On Feb 17, 2012, at 12:41 PM, Nico Williams wrote:

I'd like for /dev/urandom to block, but only early in boot.  Once
enough entropy has been gathered for it to start it should never
block.  One way to achieve this is to block boot progress early
enough in booting by reading from /dev/random, thus there'd be no
need for /dev/urandom to ever block.

I can understand why you might want that, but that would be wrong
with a capital W. The whole *point* of /dev/urandom is that it
doesn't block. If you want blocking behavior, you should be calling
/dev/random.

Alternatively, we could specify a /dev/nrandom which has the behavior Nico desires.

The correct solution is to have early-stage boot code
call /dev/random if it wants blocking behavior.

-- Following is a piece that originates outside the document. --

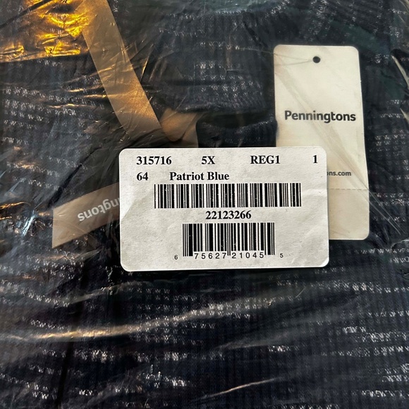 TUNIC, LONG LENGTH, PATRIOT BLUE (Medium Blue) & WHITE, SIZE 5X, MADE IN CANADA!, SOFT FABRIC, RELAXED FIT, FRONT POCKETS, RIBBED MOCK NECK, PENNINGTONS, IN ORIGINAL BAG, TAGS ON, NEVER WORN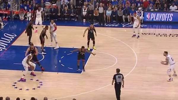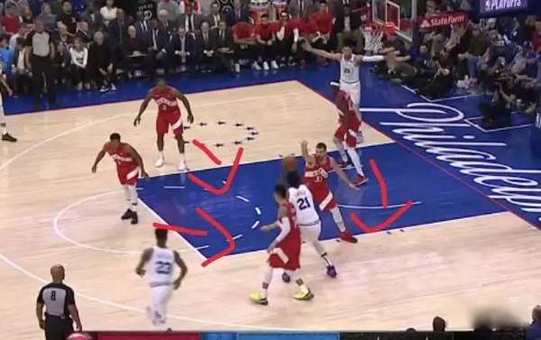 ——恩比德右侧腰位持球,西蒙斯在篮下,西亚卡姆也得以获得最好的协防位置,直接控住底线,而上线伦纳德洛瑞双锁连环。

Except when /dev/random is equivalent to to /dev/urandom, as in OpenBSD and whatever Ben just posted from (FreeBSD perhaps?).

(Note that I have completely ignored an argument of why blocking is
rarely a good idea, which is the reason people call /dev/urandom. No
one said software engineering was easy.)

"Don't block unless it's truly so soon after startup that the kernel's (nondecreasing) accumulated entropy estimate is pathologically low" ought to be a satisfiable requirement.

The guy who writes the ssh_keygen program shouldn't have to try to figure out if he's being called from /etc/rc*, he should be able to get what he needs from a standard device.